(EXERCISE):
Where an entry holds an image, skip the image but reproduce the rest word for word.

[Stored items from a collection]
Start of Block

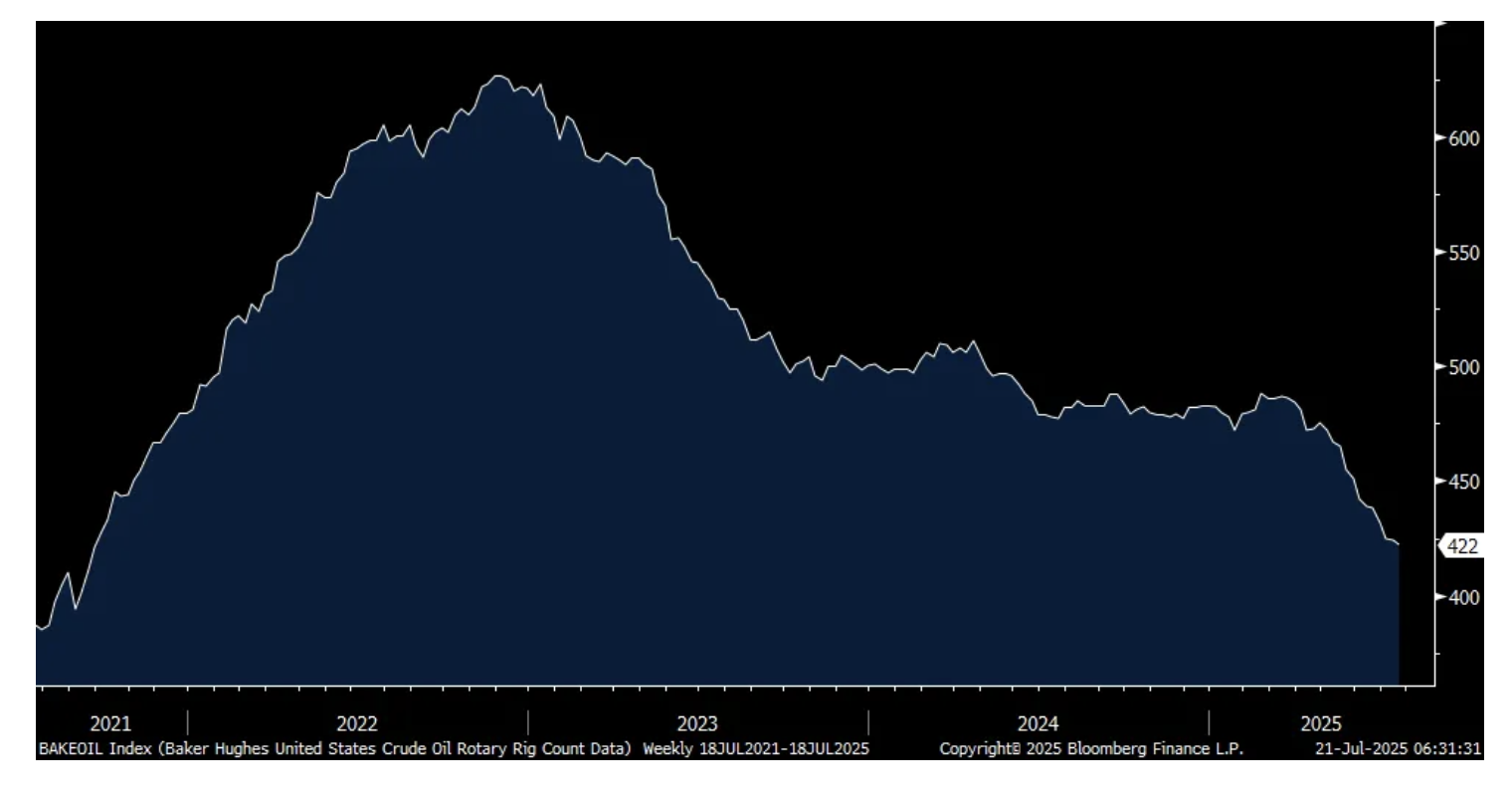 I'll continue to argue for a bottoming process taking place with crude oil prices. The US crude oil rig count as of 7/18 fell for the 12th straight week and by another 2 to 422 and has fallen by 53 over these three weeks. That's the least since September 2021.
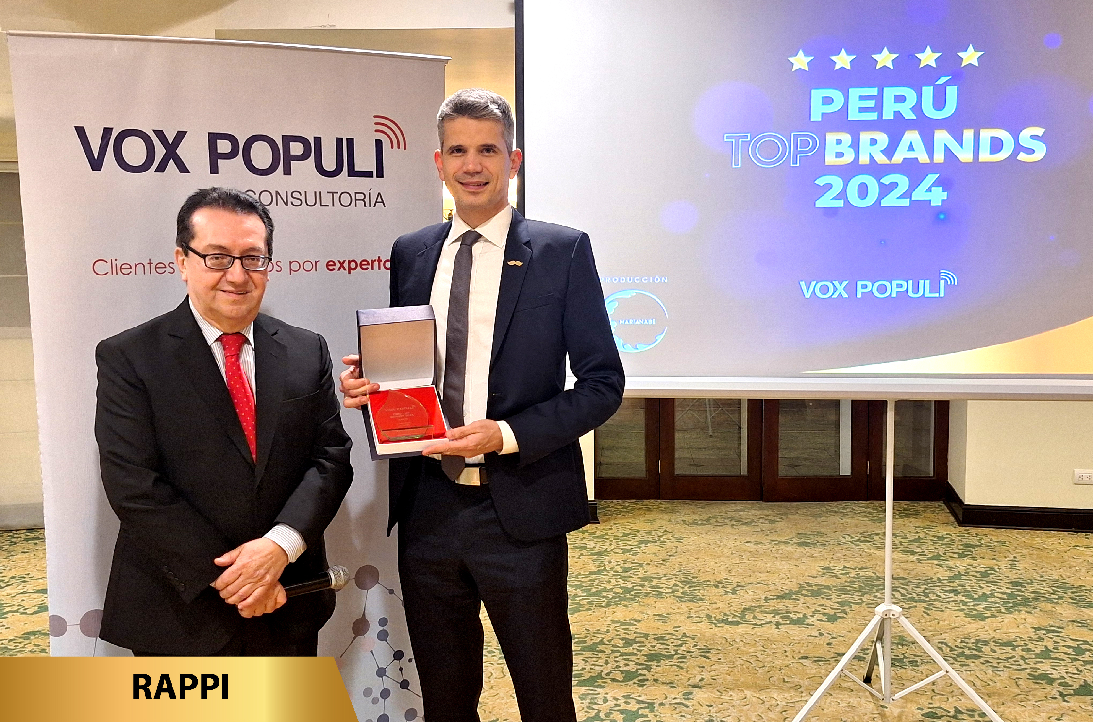 Vox Populi Rappi es la mejor marca en la categoría delivery by voxpopuliempresarial7 octubre, 2024 Comments 0 Rappi es la mejor marca en la categoría delivery. Imágenes de la gala de premiación a las mejores marcas según «Perú Top Brands 2024» (Encuesta de Vox Populi). «Perú Top Brands 2024»: https://voxpopuli.pe/peru-top-brands-2024/ Perú Top Brands 2024 Compártelo: Share on X (Se abre en una ventana nueva) X Share on Facebook (Se abre en una ventana nueva) Facebook Share on LinkedIn (Se abre en una ventana nueva) LinkedIn Share on WhatsApp (Se abre en una ventana nueva) WhatsApp Más Share on Telegram (Se abre en una ventana nueva) Telegram Me gusta:Me gusta Cargando... 0 comments on “Rappi es la mejor marca en la categoría delivery” Deja un comentarioCancelar respuesta Navegación de entradas Previous Post Next Post
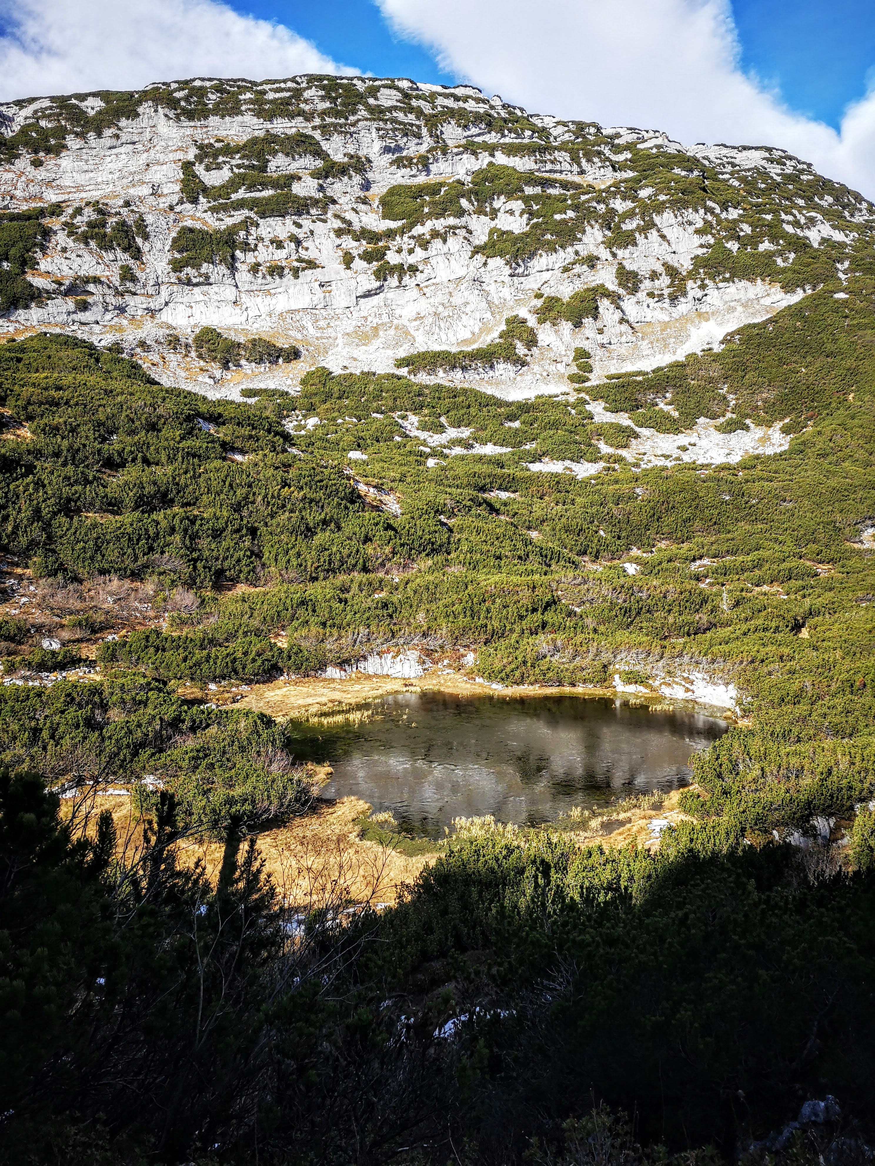 In diesem Fall: koa Sünd, koa Netz und koa offene Hütte. Sich einfach zu einer der privaten Almhütten (egal ob Terrasse oder Hausbankl) zu setzen, ist sowieso ein Unding. Zumindest verstehe ich nicht, warum man das macht. Am Appelhaus gibts ohnehin die Möglichkeit für a kurzes Rastl – und bitte nehmts dann euren gesamten Müll a wieder mit ins Tal! Oben werden die Optionen rundum gecheckt, im Sommer muss dann dochmal a Übernachtung oben drin sein – so viele interessante Steigaln, Gipfel und Varianten zum gehen und erkunden. Das Sonne etwas länger geniessen hält sich windbedingt in Grenzen, die Hälfte der Wegstrecke wartet noch immer und die Zeit läuft ohnehin. Also Aufbruch und weiter geht’s zur nächsten Alm auf der Augstwiesen. Neben alten Almhütten warten dort auch einige neu gebaute, die mehr die Dimension eines Chalets haben. Dass es so viele sind, habe ich ehrlich gesagt auch nicht erwartet. Der Weg schlängelt sich mitten durch, bergab in den Almboden und dann zum letzten Mal bergauf für heute – zum Hochklapfsattel auf 1498m. Vorbei an einer kleinen Lacke, die sich nicht immer zeigt: dem Augstwiessee!
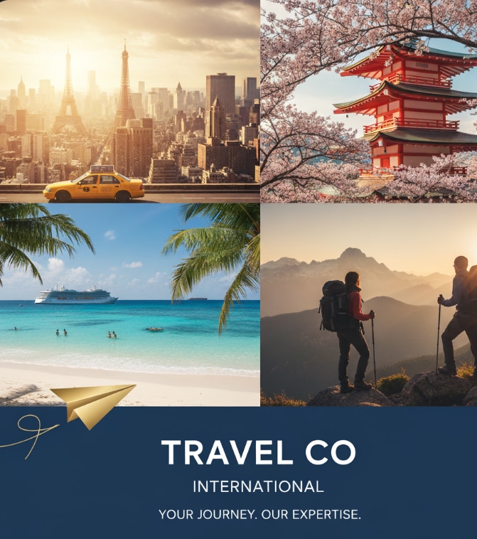 - Corporate & Business Travel Management: Business flight booking, Hotel and car rentals, Corporate event planning, Expense reporting and travel management
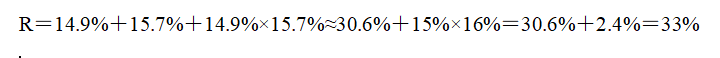 ,代入公式得,R=14.9%+15.7%+14.9%×15.7%≈30.6%+15%×16%=30.6%+2.4%=33%。根據(jù)公式,增長(zhǎng)率=(現(xiàn)期量-基期量)/基期量=現(xiàn)期量/基期量-1,則現(xiàn)期量/基期量=1+增長(zhǎng)率,代入公式得,2013年3月末,金融機(jī)構(gòu)人民幣各項(xiàng)貸款余額約是2011年同期的倍數(shù)=1+33%=1.33倍。與C選項(xiàng)最接近。
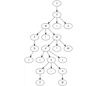 - Nonterminal symbols are indicated with capital letters (e.g., )
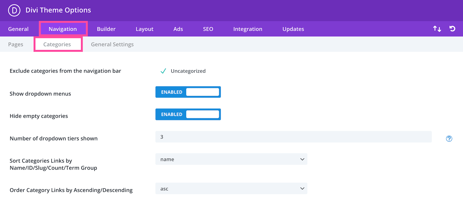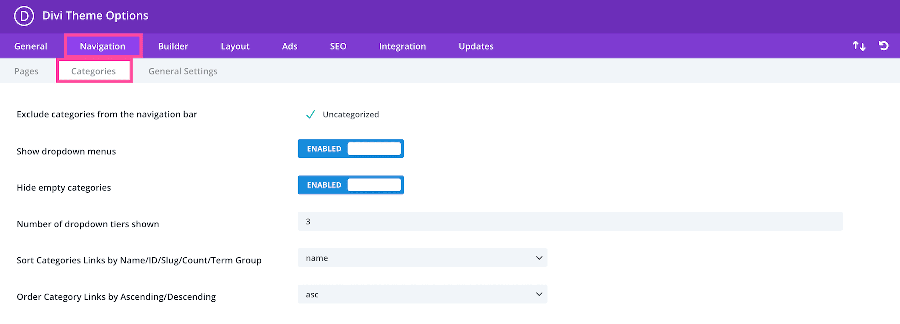 In the Categories sub-tab, you’ll see settings like excluding certain categories from the navigation bar, hiding empty categories, specifying the order of categories, and more.

End of Block

(EXERCISE RESULT):
 I'll continue to argue for a bottoming process taking place with crude oil prices. The US crude oil rig count as of 7/18 fell for the 12th straight week and by another 2 to 422 and has fallen by 53 over these three weeks. That's the least since September 2021.
 Vox Populi Rappi es la mejor marca en la categoría delivery by voxpopuliempresarial7 octubre, 2024 Comments 0 Rappi es la mejor marca en la categoría delivery. Imágenes de la gala de premiación a las mejores marcas según «Perú Top Brands 2024» (Encuesta de Vox Populi). «Perú Top Brands 2024»: https://voxpopuli.pe/peru-top-brands-2024/ Perú Top Brands 2024 Compártelo: Share on X (Se abre en una ventana nueva) X Share on Facebook (Se abre en una ventana nueva) Facebook Share on LinkedIn (Se abre en una ventana nueva) LinkedIn Share on WhatsApp (Se abre en una ventana nueva) WhatsApp Más Share on Telegram (Se abre en una ventana nueva) Telegram Me gusta:Me gusta Cargando... 0 comments on “Rappi es la mejor marca en la categoría delivery” Deja un comentarioCancelar respuesta Navegación de entradas Previous Post Next Post
 In diesem Fall: koa Sünd, koa Netz und koa offene Hütte. Sich einfach zu einer der privaten Almhütten (egal ob Terrasse oder Hausbankl) zu setzen, ist sowieso ein Unding. Zumindest verstehe ich nicht, warum man das macht. Am Appelhaus gibts ohnehin die Möglichkeit für a kurzes Rastl – und bitte nehmts dann euren gesamten Müll a wieder mit ins Tal! Oben werden die Optionen rundum gecheckt, im Sommer muss dann dochmal a Übernachtung oben drin sein – so viele interessante Steigaln, Gipfel und Varianten zum gehen und erkunden. Das Sonne etwas länger geniessen hält sich windbedingt in Grenzen, die Hälfte der Wegstrecke wartet noch immer und die Zeit läuft ohnehin. Also Aufbruch und weiter geht’s zur nächsten Alm auf der Augstwiesen. Neben alten Almhütten warten dort auch einige neu gebaute, die mehr die Dimension eines Chalets haben. Dass es so viele sind, habe ich ehrlich gesagt auch nicht erwartet. Der Weg schlängelt sich mitten durch, bergab in den Almboden und dann zum letzten Mal bergauf für heute – zum Hochklapfsattel auf 1498m. Vorbei an einer kleinen Lacke, die sich nicht immer zeigt: dem Augstwiessee!
 - Corporate & Business Travel Management: Business flight booking, Hotel and car rentals, Corporate event planning, Expense reporting and travel management
 ,代入公式得,R=14.9%+15.7%+14.9%×15.7%≈30.6%+15%×16%=30.6%+2.4%=33%。根據(jù)公式,增長(zhǎng)率=(現(xiàn)期量-基期量)/基期量=現(xiàn)期量/基期量-1,則現(xiàn)期量/基期量=1+增長(zhǎng)率,代入公式得,2013年3月末,金融機(jī)構(gòu)人民幣各項(xiàng)貸款余額約是2011年同期的倍數(shù)=1+33%=1.33倍。與C選項(xiàng)最接近。
 - Nonterminal symbols are indicated with capital letters (e.g., )
 In the Categories sub-tab, you’ll see settings like excluding certain categories from the navigation bar, hiding empty categories, specifying the order of categories, and more.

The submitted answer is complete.